Bible Books
008
The Mosaics of San Marco in Venice
1. The Eleventh and Twelfth Centuries (Volume One, Text; Volume Two, Plates)
2. The Thirteenth Century (Volume One, Text; Volume Two, Plates)Otto Demus
(Chicago: University of Chicago Press, 1984) 160 colorplates; 857 black-and-white plates and figures. 1: 495 pp.; 2: 357 pp., $350
Reviewed by Marie Spiro
With this superb publication, Otto Demus, the distinguished Austrian art historian, completes his series on the medieval art and architecture of the Church of San Marco in Venice—a series that has provided important research material to a generation of scholars.1 His earlier analyses and surveys of the mosaics of San Marco were based on photographic records in archives and on his own observations in the church (primarily from ground level). No detailed study of the mosaics, however, was possible until they were examined up close. This was accomplished when scaffolding was erected between 1974 and 1979 as part of a project to clean, record, study and photograph the mosaics.2
The present church, begun about 1063, is the third palace church of the doges, the rulers of Venice to be built on this site. The church houses the traditional relics of the Evangelist Mark, the patron saint of Venice. These relics were transferred to Venice from his supposed tomb in Alexandria, Egypt, around 829 A.D.. The plan of the church, a cross with five domes, was based on the well-known Church of the Holy Apostles in Constantinople, now destroyed, which was built by the Emperor Justinian I in the sixth century and remodeled in the 11th century. The “borrowing” of the shape of the Apostles’ Church was accompanied, toward the end of the 11th century, by an influx of Greek artists and materials from Constantinople to begin the mosaic decoration. Unlike the building program, however, the decorative program took centuries to complete and is marked by great diversity, by “an almost haphazard conglomeration of the works of different workshops and artists.”

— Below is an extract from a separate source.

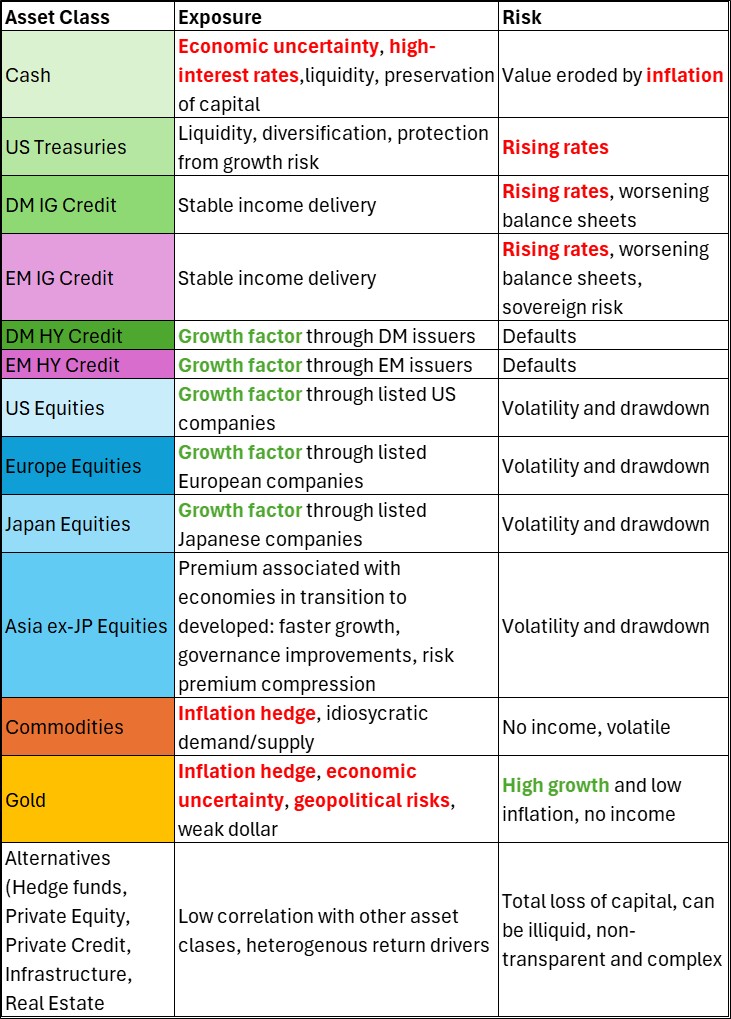 Exhibit 9: Key return drivers and risk across asset classes (macro factors highlighted in red and green)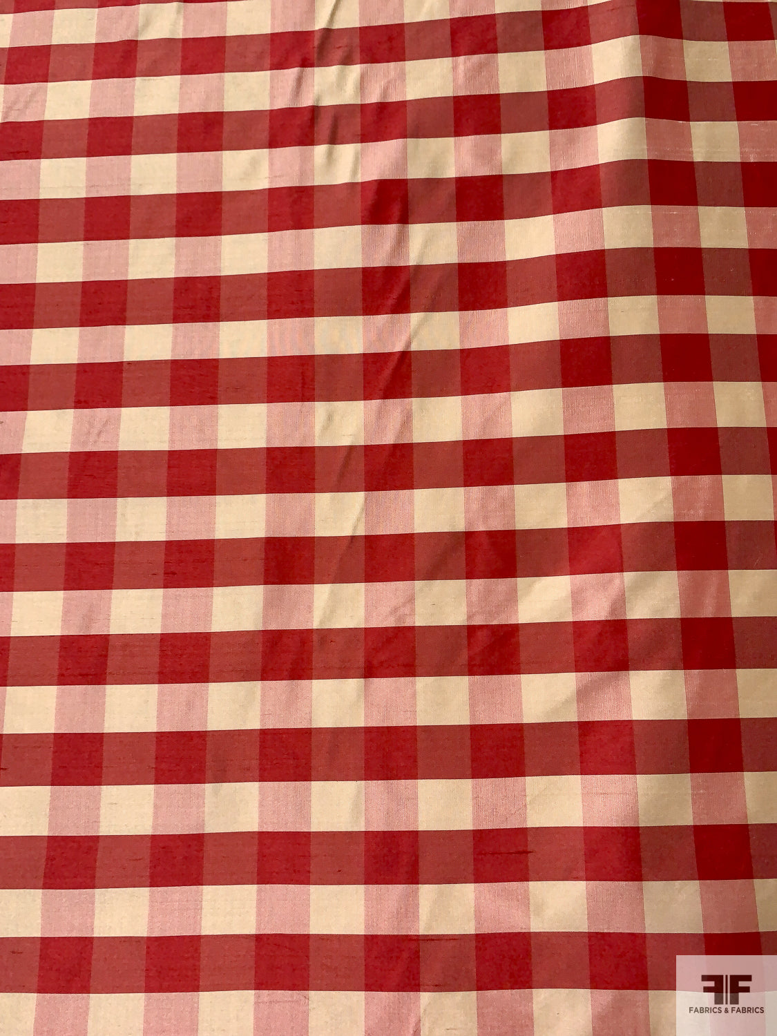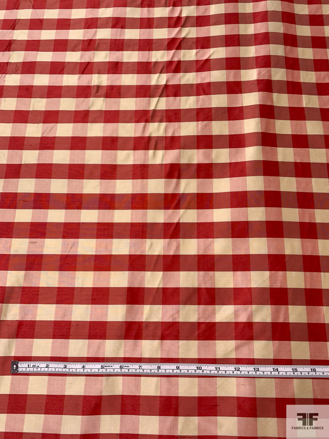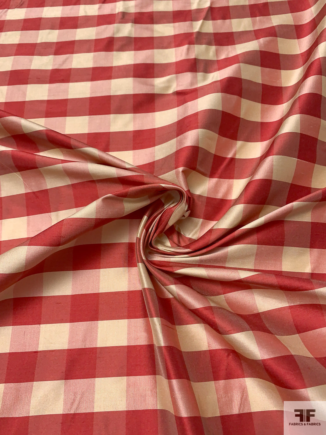 Gingham Yarn-Dyed Silk Shantung - Antique Raspberry / Lightest Gold

Demus has performed an invaluable service for medieval scholarship, as well as for all mosaic lovers, for Venice, an for her great church, tracing the progress of decoration, restoration and replacement from the end of the 11th through the 13th centuries. With great brilliance, he has analyzed the techniques and iconography of the mosaics and identified when and by whom they were crafted. He divides the mosaic styles into local Venetian, imported (primarily from Constantinople) and Western, and he identifies the iconographic programs of individual workshops, presenting his conclusions with great 009clarity and always in the setting of the history of Venice and her relations with Constantinople. Furthermore, he brings together comparative material from other churches in the Venetian Lagoon on the Adriatic Sea (for example, from Trieste, Torcello and Murano) and from churches in Greece, Sicily and elsewhere. Thus, he establishes the position of the mosaics of San Marco in the artistic milieu of the 12th and 13th centuries. Some of the analyses and studies appeared in Demus’s other publications, but it is clear that his earlier conclusions have been re-evaluated and refined, and that this new book bursts with fresh material and new observations.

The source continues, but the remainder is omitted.